As a marketing expert who is part of the service design field, how do you understand the relation between brand and service design?
Brand and service design are also tightly related. This time the common denominator is innovation. Innovation makes brands fulfill their promises. And service design plays a vital role in bringing innovation to life. The innovation can be incremental, that is to say based on existing systems, business models and paradigms. Innovation can be disruptive – based on emerging systems, business models and paradigms. But whatever the case, at the end it should be human focused. Today, Service Design is the hidden hero behind many of the disruptive innovations. In short, brand, innovation and service design are strongly connected to each other.
Along with a couple of colleges, you are now opening a new SDN chapter What do you think is the potential for the development of a SD community in Turkey?

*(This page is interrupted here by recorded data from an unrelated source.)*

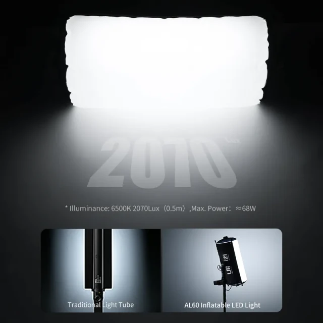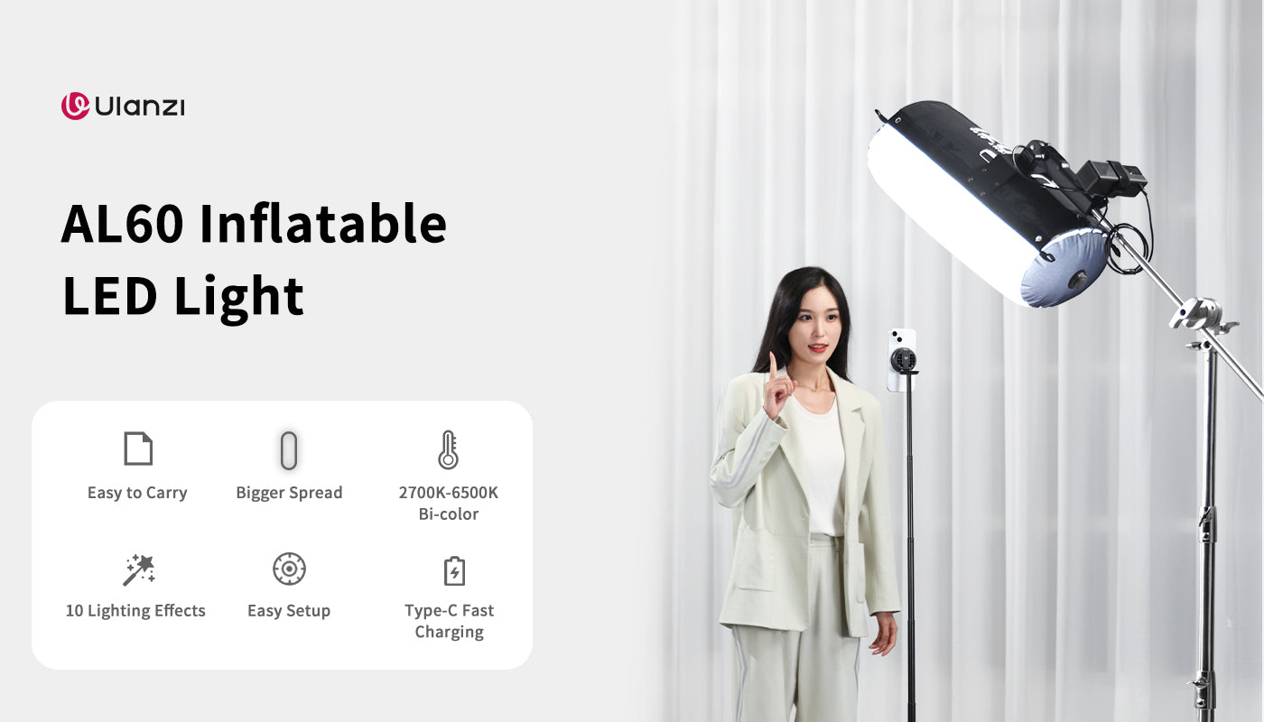 This light is ready to use in just 20 seconds with the automatic inflation pump. No manual pumping or blowing required - just press a button for quick, hassle-free setup. Designed for convenience, this inflatable LED light folds down easily, making it the ideal companion for outdoor photography. Upgraded to deliver cinematic-quality soft lighting that enhances portraits, giving them a natural-beauty enhanced glow.
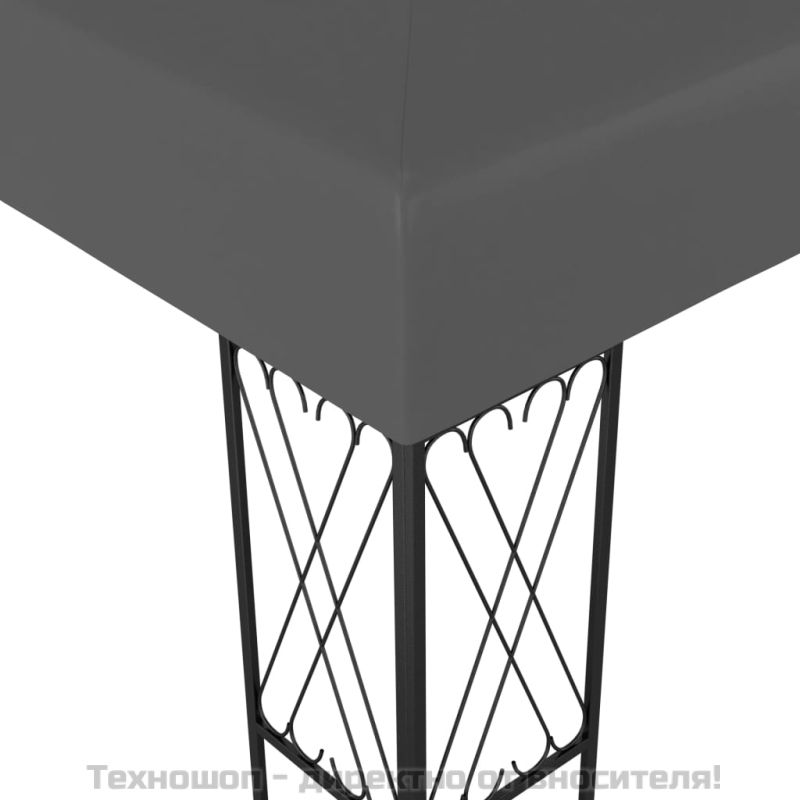 Тази просторна шатра ще бъде елегантно допълнение към вашето външно жилищно пространство, като същевременно предостави на семейството и гостите ви сянка при слънчеви дни. Навесът няма да позволи слънцето и дъждовете да развалят забавленията по време на семейни събирания, барбекюта, следобедни пикници и рождени дни. Шатрата има здрава стоманена конструкция с декоративни кръстосани детайли и полиестерен покрив. Навесът може лесно да се закрепи към рамката на шатрата. ЗАБЕЛЕЖКА: Този продукт НИКОГА не трябва да се използва при лошо време, като бурен вятър, силен дъжд, сняг, буря и т.н.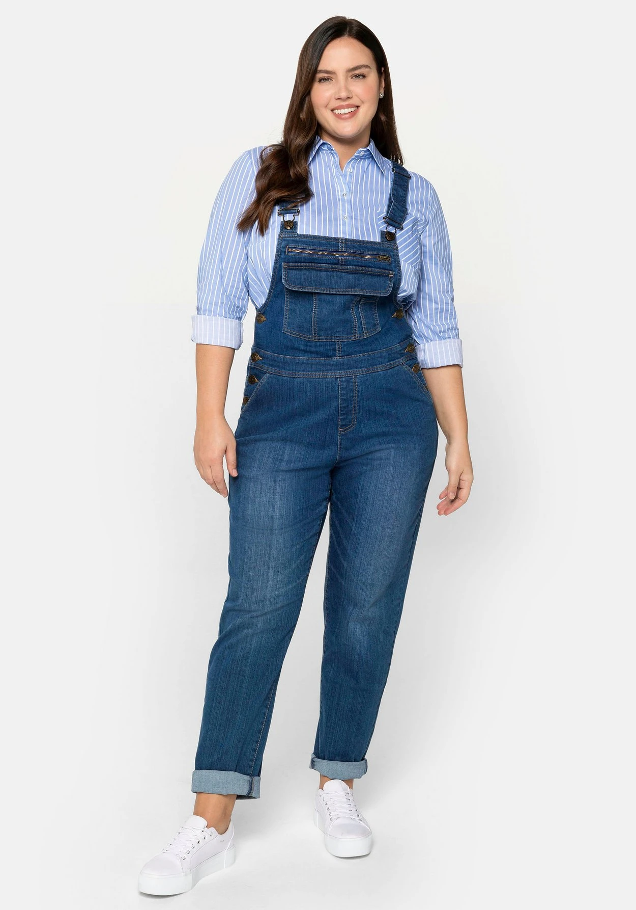 Latzhose aus Denim. Die Hose ist mit verstellbaren Trägern gearbeitet, als Eyecatcher dient eine breite Brusttasche mit Zipper. Zu schließen ist die Latzjeans mit seitlichen Knöpfen, für einen optimalen Sitz sorgt der Gummieinsatz auf Taillenhöhe hinten. Zwei seitliche Eingrifftaschen, zwei aufgesetzte Taschen hinten, die individuelle Waschung und kontrastfarbene Nähte ergänzen den lässigen und gleichzeitig verspielten Style.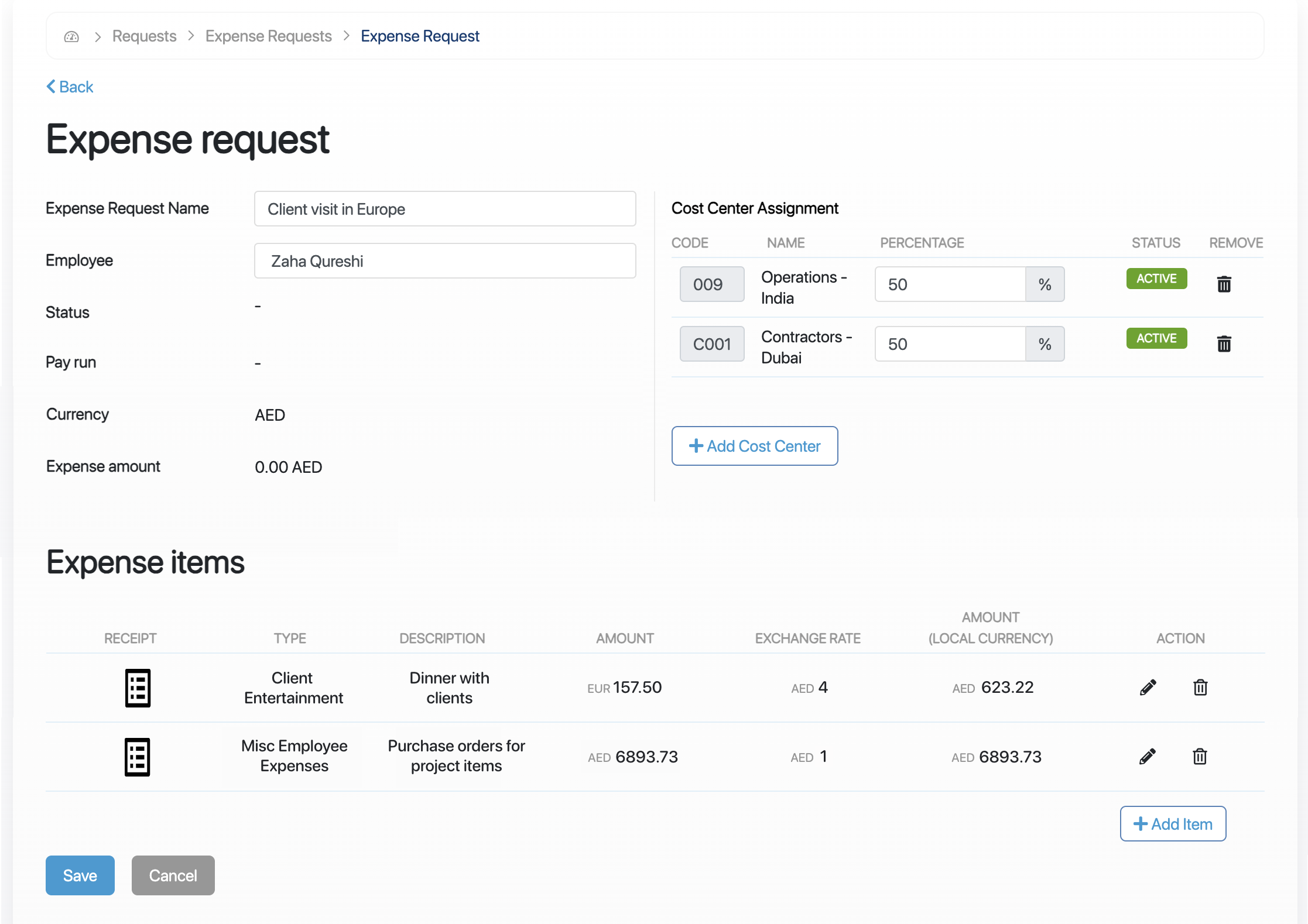 The expense request is saved in its initial state (Draft). At this stage, if required, you can still revisit and edit the expense request. When you finish making changes, you can submit the request for approval.

SDN Turkey is committed to raise awareness of Service Design in Turkey. We aim to foster a community of people from different pillars of the discipline’s reach. SDN Turkey focuses value creation in three important areas: Advocacy, Education, and Connection.We will also do lobbying and evangelism at all levels.We will start with a roof-top meet & greet event for its launch on February 19. The event will be an opportunity to bring together members of the local network (professionals, agencies, and academia) and discuss service design in Turkey.
Now that you are a member of the SDN board, how do you see the Service Design Network and your role as a member within it?
SDN has a very important role in the advocacy, evangelism and development of the Service Design practice. As a network devoted to the practice, we have a huge potential to pass the “tipping point” and grow the market. I believe, it is time to realize the potential through increasing demand from the business world. As a new board member I am excited. We are on the edge of a brand transformation. It is not only a change in the look and feel of our logo or web site, but also our brand promise and the way we communicate.
SDN is happy to have you as a new member of our team. Thank you for your time!